Roger replaces the receiver in its cradle. He meanders back to his desk, and switches on a light. He cannot decide whether to go home or not. There is nothing for him at home this evening. His girlfriend, a woman called Stella, is having a girl’s night out with four friends. These friends’ names are Susan, Susan, Miranda and Belle. He doesn’t fancy going back to an empty flat. But the prospect of staying at the lab and working on into the evening is not appealing either. His brain feels muffled, fuzzy. He can’t concentrate on his job-in-hand.
He mooches back into kitchen and turns the kettle on. He inspects one of the mugs standing beside the telephone, and, fussily, runs a finger inside the rim. Behind him, the kettle’s spout turns into a miniature chimney. Steam pillows out.
Roger changes his mind. He drinks, he tells himself, too much coffee anyway. Six or seven mugs, most days, and strong stuff too.
He walks back to his bench and turns the anglepoise off.
The phone goes again.
As he shuffles back to the kitchen to answer it, he finds himself thinking how annoying the sound of a phone ringing is. How insistent. A mechanical baby’s cry that it is almost impossible to ignore. He resents it.
This time the voice is clearer, although the static is still thorny and distracting. ‘Please don’t hang up! It’s vital you listen to … information we have to give you.’ The sentence is broken in half by a crack, like a plank breaking.
‘I’m sorry,’ says Roger, annoyed rather than intrigued. ‘Who were you trying to reach?’
‘The institute…’ A whoosh and a clatter drown the rest of the sentence.

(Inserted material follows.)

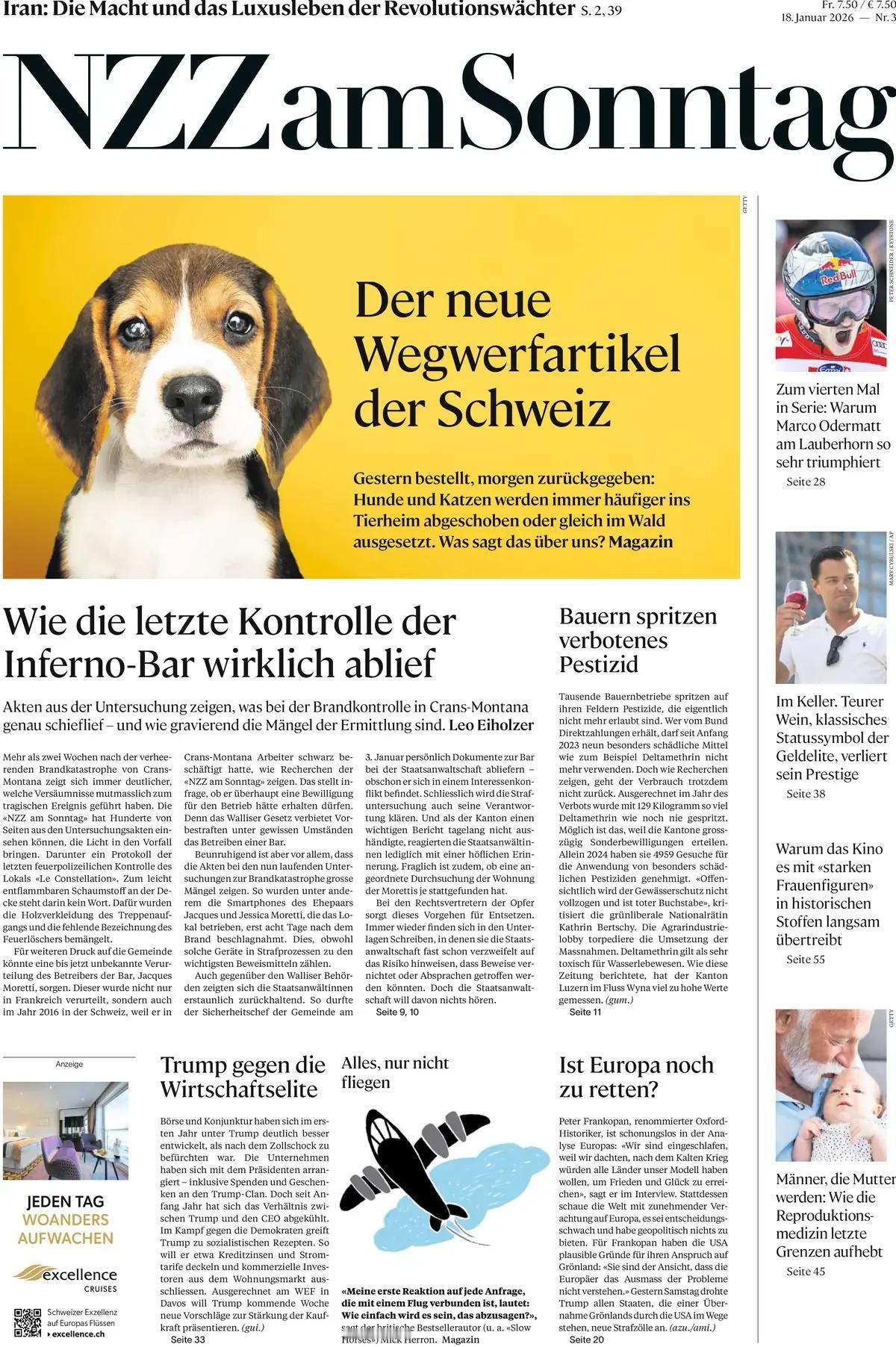《新苏黎世报》头版报道称,瑞士新的“一次性用品”。 昨天订购,明天归还:狗和猫

‘I’ll tell you what you’ve done,’ says Roger, prissily. ‘You’ve dialled the one twice by mistake. You want extension three five one seven, but your finger has accidentally pushed the one twice and it’s put you through here. There’s nobody here, except me and I’m about to go home. Three five one seven will get you the night secretary.’

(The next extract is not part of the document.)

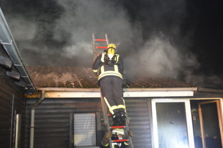 Während dichter Qualm und Flammen aus dem Gebäude schlugen, gingen Atemschutzgeräteträger ins Innere vor, um nach Personen zu suchen sowie den Brand zu bekämpfen. Anfangs war nicht bekannt, ob das Häuschen derzeit bewohnt wurde. Die Einsatzkräfte bauten parallel einen umfassenden Löschangriff, zahlreiches Beleuchtungsgerät sowie eine Wasserversorgung auf. Hier kam der Norder Feuerwehr eine Neuanschaffung zu Gute. Mit Hilfe eines speziellen Schwimmsaugkorbs, der die Wasserentnahme aus flachen Gewässern ermöglicht, konnte Löschwasser aus einem Graben direkt vor dem brennenden Haus entnommen werden. Dies ersparte einen personal- und zeitintensiven Aufbau einer langen Förderstrecke zum nächsten Hydranten. Da es zu einer starken Rauchentwicklung kam welche in Richtung innenstadt zog, löste die Leitstelle Ostfriesland das Bevölkerungswarnsystem Katwarn aus.
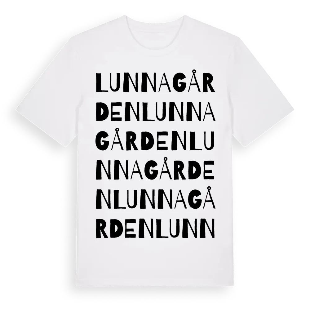 Lunnagården ordlek t-shirt är inspirerad av Lunnagården i Hallands län, Sverige. Tröjan är designad för dig som har en speciell koppling till platsen – oavsett om du bor här, har rötterna här eller bara älskar Lunnagården.

‘No! No!’ The panic in the person’s voice is evident enough to break through the hisses and spatters of interference. ‘Please don’t hang up. We’re calling as far back as we can, and the boundary withdraws all the time, one second per second. In a very little time it will be too late. Do you understand?’
‘No,’ says Roger, crossly, ‘I don’t.’
‘I can’t stress too greatly, your future is at stake. All our futures. The people much further along the line from us have only just encountered the disaster, and they have called us, and we have called you. This may sound strange to you. The chance to change things … it must happen there, in your time. It’s got to be you.’

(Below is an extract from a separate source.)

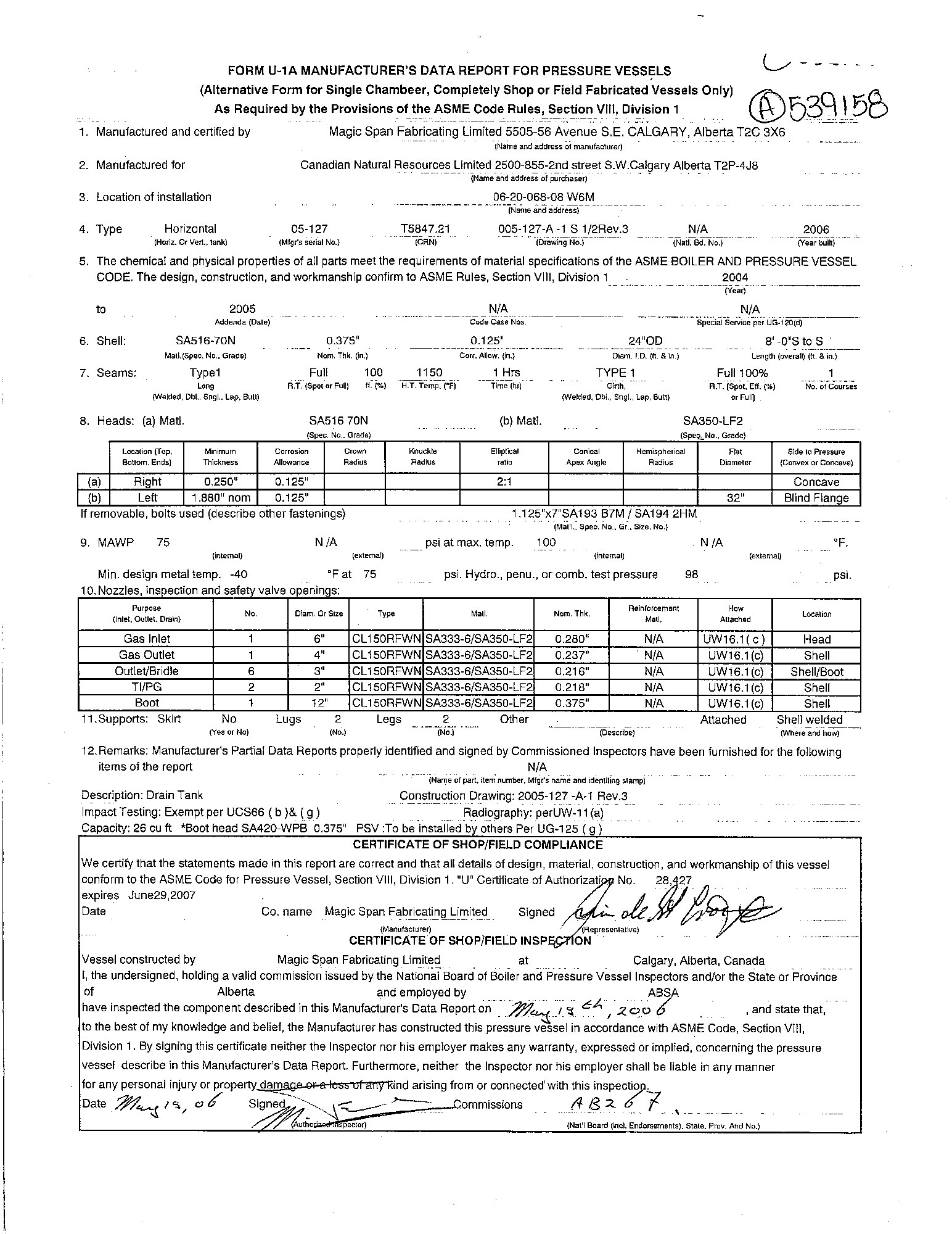 MAWP (PSI) 75

‘I have no idea what you are on about,’ says Roger. ‘Is this a prank? Is this Seb?’ This, he thinks, is exactly the sort of practical joke that Seb would try.
‘Please, no, just listen. You don’t have to believe me, it doesn’t matter if you believe me, the thing you have to do is so simple, so simple it won’t take you a moment. All you have to do…’
But Roger has put the phone down again. He stands looking at the kettle for a moment, his mind floating free. He thinks of Seb, a man he has never really liked. By a chain of association too oblique to be represented here with any ease, he thinks of a holiday in France, and then of another friend, and then of Stella, and finally of Susan, one of Stella’s friends. He and Susan had kissed the previous week, but both had pulled away, startled, before things had proceeded any further. It had been at a party at another friend’s house, at the bottom of their garden away from everybody, in the darkness. Two cigarette smokers underneath the stars, the noise and chatter and muffled music of the party sounding very far away. Kissing, and then pulling away. The path not taken. But then again, who knows? It wouldn’t be a good idea to tell Stella. He feels sure Susan thinks this too. Best not mention it at all, and certainly not tell Stella.
He puts on his coat, and is about to lock up the lab when the phone rings again.